NICE (Nasdaq: NICE) today announced that Yource, the leading business process outsourcer (BPO) in the Netherlands, successfully employed NICE's Workforce Management (WFM) solution to further support the transition to a hybrid work model. Yource has seen an increase in forecast accuracy, ensuring more effective service and improving customer satisfaction.
As a major omnichannel and multilingual contact center services provider, Yource provides a unique combination of outsourcing, insourcing, near and offshoring, and staffing options from its locations in the Netherlands, Belgium, Luxembourg, Spain, Morocco, Bulgaria, Greece, Turkey, and Suriname. Since its first implementation 15 years ago, Yource entrusts NICE to meet its dynamic and growing needs. NICE, with its local Dutch partner BrightContact, upgraded the company's WFM technology to provide Yource the capability to expand as it maintains excellent contact center staffing levels and handle a large volume of interactions.

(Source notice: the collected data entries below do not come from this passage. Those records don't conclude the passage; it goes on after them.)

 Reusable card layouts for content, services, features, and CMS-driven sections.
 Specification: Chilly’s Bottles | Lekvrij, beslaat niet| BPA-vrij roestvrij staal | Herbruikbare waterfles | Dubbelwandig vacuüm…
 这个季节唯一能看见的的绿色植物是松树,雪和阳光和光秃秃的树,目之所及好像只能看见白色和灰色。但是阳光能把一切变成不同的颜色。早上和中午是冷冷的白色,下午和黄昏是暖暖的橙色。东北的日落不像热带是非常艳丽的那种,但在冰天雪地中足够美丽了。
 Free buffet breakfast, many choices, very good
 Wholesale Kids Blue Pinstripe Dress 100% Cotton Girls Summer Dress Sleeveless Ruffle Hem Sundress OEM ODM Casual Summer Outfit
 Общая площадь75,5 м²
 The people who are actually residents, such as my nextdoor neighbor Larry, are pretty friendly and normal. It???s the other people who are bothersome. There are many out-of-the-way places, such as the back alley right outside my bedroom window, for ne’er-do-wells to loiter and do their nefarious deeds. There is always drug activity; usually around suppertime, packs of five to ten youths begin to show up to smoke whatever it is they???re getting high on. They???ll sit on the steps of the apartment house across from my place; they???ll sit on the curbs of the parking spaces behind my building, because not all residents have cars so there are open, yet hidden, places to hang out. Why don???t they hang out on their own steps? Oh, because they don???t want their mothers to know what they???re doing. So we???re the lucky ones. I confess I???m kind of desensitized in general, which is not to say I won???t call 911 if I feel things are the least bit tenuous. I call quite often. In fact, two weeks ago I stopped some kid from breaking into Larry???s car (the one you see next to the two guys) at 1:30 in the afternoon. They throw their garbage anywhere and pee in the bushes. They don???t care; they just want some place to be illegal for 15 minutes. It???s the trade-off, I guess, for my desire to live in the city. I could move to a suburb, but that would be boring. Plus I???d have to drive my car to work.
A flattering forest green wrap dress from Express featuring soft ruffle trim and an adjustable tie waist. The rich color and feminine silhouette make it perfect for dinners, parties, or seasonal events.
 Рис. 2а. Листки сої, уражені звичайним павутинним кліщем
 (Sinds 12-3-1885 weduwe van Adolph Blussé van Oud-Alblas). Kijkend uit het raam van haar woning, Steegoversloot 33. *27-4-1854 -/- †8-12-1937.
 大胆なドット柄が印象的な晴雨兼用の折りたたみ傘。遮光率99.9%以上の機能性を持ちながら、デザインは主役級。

NICE WFM improves forecast accuracy with AI-driven insights into net staffing fluctuations and schedule optimization. The solution automatically balances employee preferences and the company's business needs, making it a key element in a large-scale initiative at Yource to provide employees greater flexibility and control over their scheduling processes with the shift to hybrid work. Empowering employees and improving net staffing has also improved efficiency and performance, which in turn increases customer satisfaction. According to Jeroen Hoppezak, Yource's WFM Director, "The right number of properly skilled employees, available at the right time, is key to satisfied and happy customers as we have quite a large workforce in different countries. It is important to be able to see administrative changes immediately."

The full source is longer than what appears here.